Refinery at twilight with a beautiful sky in the background.

Image source: Getty Images.

NGLs: America's new hot commodity

One of the key findings of BP's report is the growing demand for oil and liquids by petrochemical plants. BP's chief economist Dale Spencer stated that "the increased importance of petrochemicals in driving oil demand growth was also evident in the global production breakdown, with products most closely related to petrochemicals accounting for around half of the overall growth in demand."

America is a key driver of the rising demand for these liquids due to the recent completion of several petrochemical plants along the U.S. Gulf Coast -- and more such facilities are on the way. ExxonMobil, for example, recently approved the construction of a $2 billion expansion of its chemical plant in Baytown, Texas. Meanwhile, Phillips 66 and Chevron are considering investing between $5 billion and $6 billion on another new U.S. petrochemical expansion project that would turn ethane into ethylene.

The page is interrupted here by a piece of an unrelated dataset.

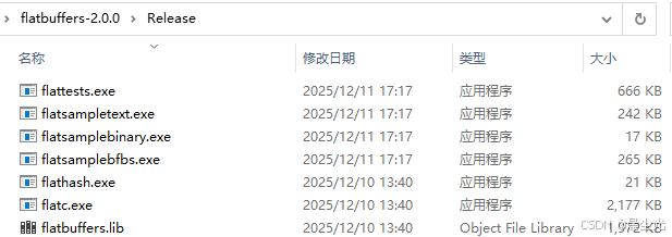flatc 是 FlatBuffers 的编译器,用于将 .fbs 文件编译成 C++ 代码。前一步的 flatbuffers 的 Release 目录中找到 flatc.exe(取决于你的编译设置)。

In addition to consuming NGLs domestically, American companies are exporting increasing volumes of not only these liquids but their end products. Midstream companies such as Energy Transfer (ET 0.62%) and Enterprise Products Partners (EPD 0.66%) are building new facilities for the purpose. Last spring, Energy Transfer partnered with China's Satellite Petrochemical to construct a new ethane export facility along the U.S. Gulf Coast. It expects to compete the Orbit export terminal by the end of next year, which will enable it to ship 150,000 barrels of ethane per day to Satellite's facilities in China. Meanwhile, Enterprise Products Partners is expanding its world-leading LPG export capacity, and is also building a facility to export ethylene. As these facilities enter service, they'll drive further demand growth.

America is becoming a petrochemical powerhouse

While America's demand for oil and related liquids reached new heights last year, it's not because we're consuming more gasoline. Instead, our rising appetite was mainly due to the completion of several new petrochemical plants that turn liquids like NGLs into the building blocks of plastics. With the second wave of petrochemical plants coming, and more export capacity under construction, U.S. demand should continue rising.